Huffman coding is an algorithm to generate the binary code based on the frequencies of corresponding characters in the input string.
Huffman decoding is to recover the original text from the binary code generated from the huffman coding process.
By applying huffman algorithms, we compress the input string by using the generated code. We can also use the code to decompress to get the original string. Here are the steps of huffman coding and decoding. The code is available in Java, JavaScript and Python.
How to generate huffman code, coding and decoding the message?
- Build a frequency map from the input string for each character.
First we construct a frequency map from the input string. Then create a queue of nodes, which contains the char and its frequency. Sort this queue by their frequency. We can see this queue as priority queue. The node with lowest frequency has highest priority.
- Build a queue of characters sorted by their frequency showing in the string.
Next is to construct the binary tree from the sorted queue. Starting from the low frequency characters, take two characters as leaves and form a subtree. Build tree from the bottom up, until all characters have been included as leaves. A finished tree has n nodes, n=2*m-1.
- Build frequency-sorted binary tree based on the sequence of elements in the queue.
After the tree is built, now traverse the tree to generate a dictionary which maps the char to binary code. The path from the root to that character (leaf) is the binary code for that character, such as A(01), B(100). Bit ‘0’ means going to the left child, bit ‘1’ means going to the right child. This is the preorder of the tree. Please note the huffman code in not necessary unique.
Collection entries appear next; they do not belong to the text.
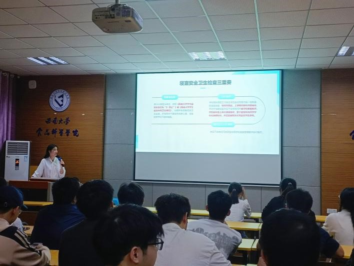 学生寝室内务卫生规范》,要求各寝室长严格按照文件对寝室成员做好管理。随后,夏雪用图文并茂的方式详细说明寝室安全卫生检查存在的常见问题,各寝室要加强寝室内务卫生、寝室违规电器使用、寝室挂牌等,发现问题及时向辅导员反馈。最后,全体寝室长们以小组为单位进行头脑风暴,积极思考“如何更好地构建寝室文化”,现场各小组讨论激烈,各抒己见,分别从寝室卫生安全、学习、日常生活、学生工作、社会实践等各方面提出意见。
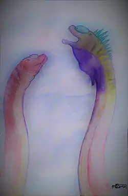 | Spinosaurus | 1915 | Bahariya Formation, Chenini Formation, Kem Kem Group (Late Cretaceous, Cenomanian) | Possessed a myriad of features that have been suggested to be evidence of a semiaquatic lifestyle, including webbed feet[39] and a paddle-like tail.[40] However, it is debated if it was a marine piscivore[41] or a shoreline generalist[42] |
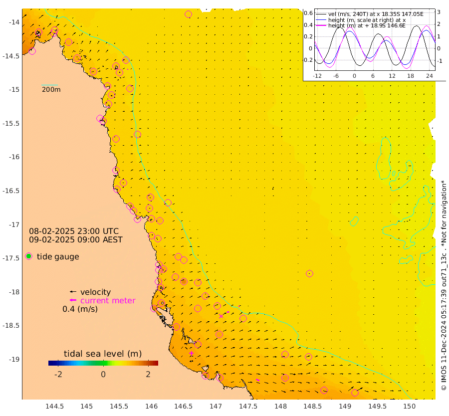 1cm/s -74T +11cm/s rms + 4cm/s -61T. GBRLSL 354m 4cm/s 72T +15cm/s rms + 2cm/s -84T. GBRLSH 32m 14cm/s 76T +15cm/s rms + 5cm/s -155T. GBRPPS 72m 5cm/s 71T +17cm/s rms + 13cm/s 115T. GBRMYR 223m 22cm/s 117T +18cm/s rms + 0cm/s -9T. NRSYON 29m 102cm Osprey Reef - West 129cm Stanley Island 86cm Pipon Islands 113cm Cape Melville 121cm Munro Reef 124cm Leggatt Island 139cm Normanby River 118cm Carter Reef 114cm Lizard Island (QLD) 121cm East Petherbridge Island 112cm North Direction Island 118cm Cape Flattery 109cm Ribbon Reef No.9 114cm Low Wooded Island 107cm Cape Bedford 72cm Endeavour River North 115cm Cooktown 105cm Cruiser Passage 111cm East Hope Island 109cm Bailay Creek 109cm Low Islets 117cm Port Douglas 114cm Palm Cove 116cm Yorkeys Knob 114cm Michaelmas Cay 90cm Euston Reef 120cm Cairns 109cm Green Island 107cm Fitzroy Island 114cm Sudbury Cay 112cm High Island 102cm Russell Island 118cm Peart Reef 111cm Nathan Reef 120cm Mourilyan Harbour 119cm Cowley Beach 131cm North Barnard Island 116cm Eddy Reef 157cm Beaver Reef 115cm Unnamed Reef No. 1 97cm Flinders Reef 125cm Clump Point 131cm Dunk Island 117cm Barnett Patches 134cm Goold Island 150cm Cardwell 119cm Britomart Reef 110cm Pith Reef 111cm Dip Reef 138cm Lucinda (Offshore) 134cm John Brewer Reef 132cm Albino Rock 118cm Shrimp Reef 103cm Jaguar Reef 143cm Townsville 136cm Cape Ferguson 139cm Stanley Reef 133cm Wallaby Reef 119cm Kennedy Reef
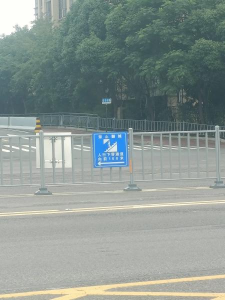 住建部門在戚家耷路路口設(shè)置了地下通道指引牌。
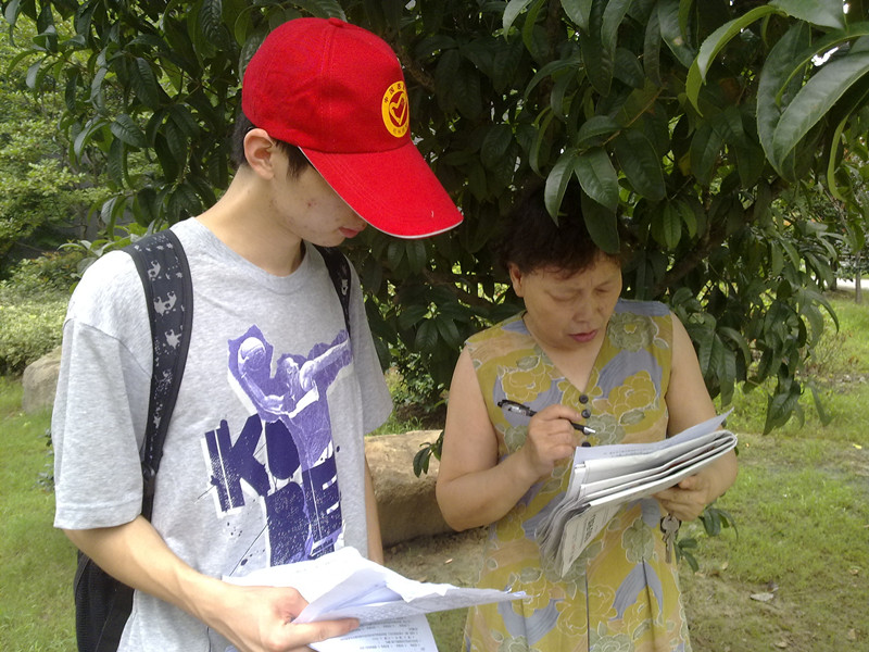 刚刚到达北星社区,本次活动的负责人陈轶同学就开始给大家分配任务。今天,同学们的主要任务就是熟悉北星的环境,为更进一步的工作做准备,同时帮助北星社区党支部发放调查问卷。问卷主要涉及居民朋友对社区服务的满意程度、以及对杭州市城市建设的看法。这次调查是北星社区了解民情、改进工作的一种手段,同时还是杭州市争创全国文明城市活动的一部分。我们都认识到,文明城市创建工作历来受到杭州市各级政府以及基层党组织的重视,能把这样一份重要的调查工作交给浙大的志愿者们,说明了北星社区对浙大学子的完全信任。这份信任令志愿者们感动。
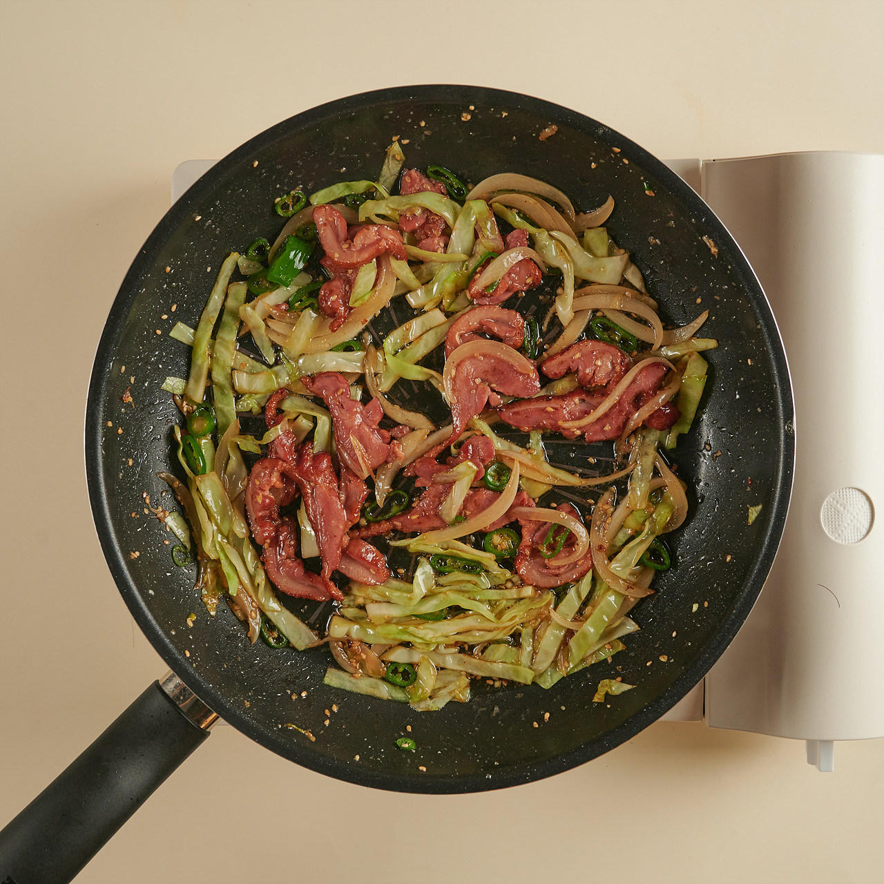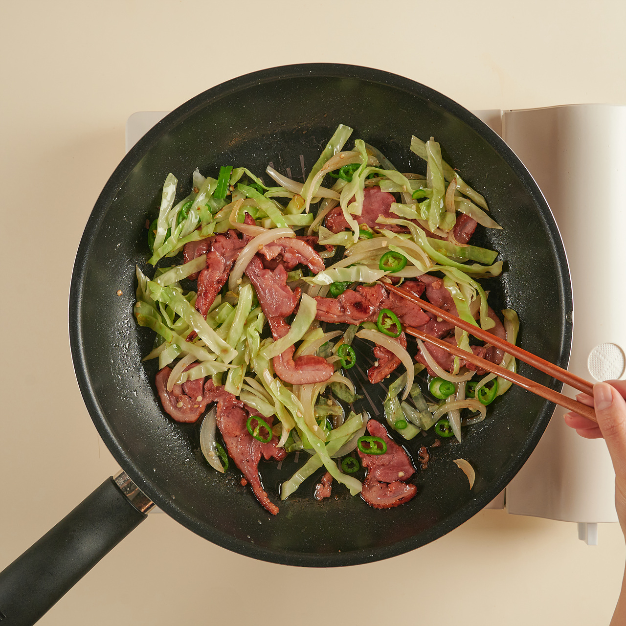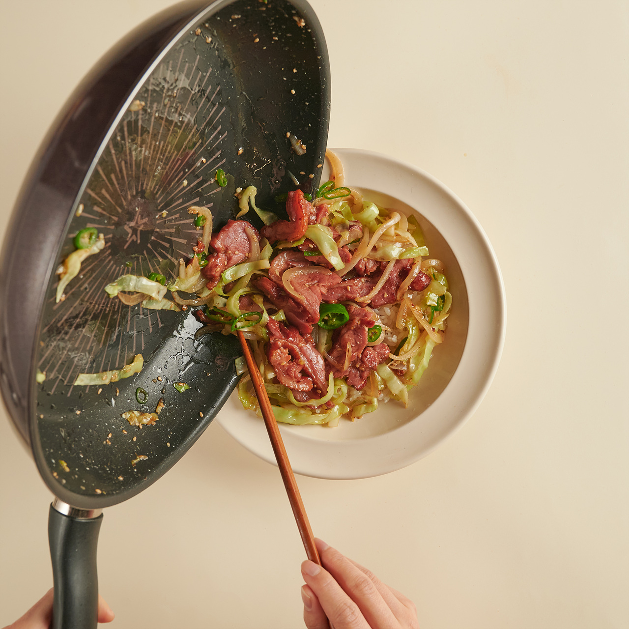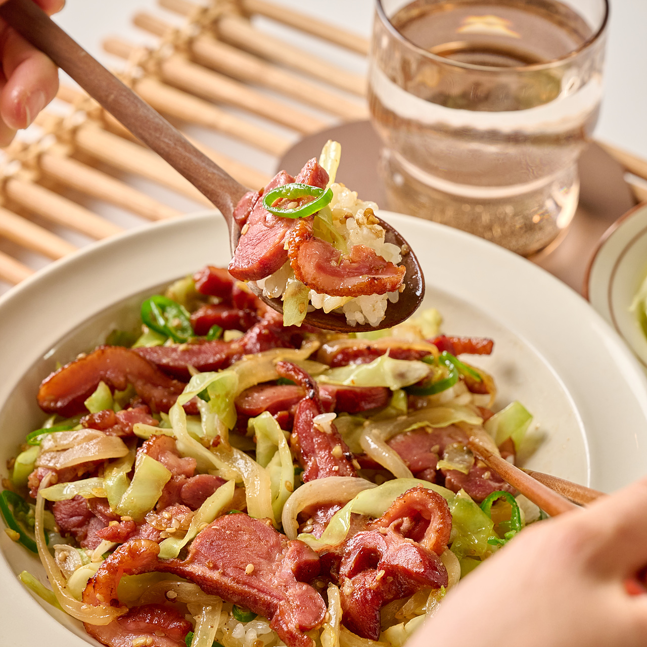 좋아하는 채소와 훈제오리 볶아 밥 위에 톡!

- create Huffman code map from the tree.
Once the frequency-sorted binary tree and the Huffman code map is generated, we can encode the input string to binary code (compressed) by using the huffman code map. We can decode the binary code to the original string (uncompressed) by using the binary tree.
- encode the input string to binary code (compressed) by using the huffman code map.
Use a for loop to go through each character in the string, use it as key to get the code from the map, concatenate them as output binary string.
- Decode the binary code to the original string (uncompressed) by using the binary tree.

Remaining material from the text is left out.